Even though it's a tad more tricky to drive, I still don't really have any problems working my way through the field until I'm eventually leading the pack. Once again, I try pushing the truck to its limits, and have difficulty getting it truly unsettled – The Ford handles really well, despite its heft. It's just a breeze to drive, and getting it sideways is quite easy once you get used to braking hard, tipping it into a corner and then stepping on the gas to swing out the back end. Fun times!

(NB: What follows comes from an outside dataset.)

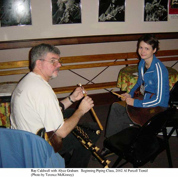 The beginning pipers experienced a special treat. Being that there were only two of them taking opposite half-day sessions, they each ended up receiving a lengthy private lesson from master Toronto piper Ray Caldwell. Being a novice musician in the presence of someone who is accomplished can often be an intimidating experience but Ray was extremely patient and made his students feel entirely comfortable. He began by launching directly into some new tunes, Tom Busby's and O'Keefe's Slide. "Ray had the patience of a saint as I struggled through the tunes," said John O'Gara, "and made some great suggestions regarding learning...mainly SLOW DOWN, get the tune down first with clear notes, then later go for speed." Going beyond expectations, Ray later emailed his students MP3 audio files of the tunes they worked on, played both slowly and up to speed. John, being thoroughly satisfied with the event, said that he would definitely attend next year's workshop.

Where Gravel feels a little weak at the moment is its graphics. Even though it's still early days for the game, the cars lack crispness and detail, and the game's particle effects don't feel very convincing at all. At the start of a race, when I was stuck behind cars, they created rooster tails of sand that looked more like mist than particles. Maybe the problem is that I've been too spoiled by the likes of Forza Horizon 3, and playing Gran Turismo Sport on PS4 Pro, but Gravel just looks a little last generation. It even has overly aggressive lens flare, which further contributes to its oldschool vibe.
Hopefully Milestone will be able to improve Gravel's graphics, as it's pretty good fun to drive. The game doesn't quite yet feature the same larger-than-life handling physics as Sega Rally, but it's close. With a little tweaking and finessing, I'm sure it could get there. At least I hope it does. It's been ages since we've had a really entertaining arcade racer, and Gravel certainly has the potential to be such a beast.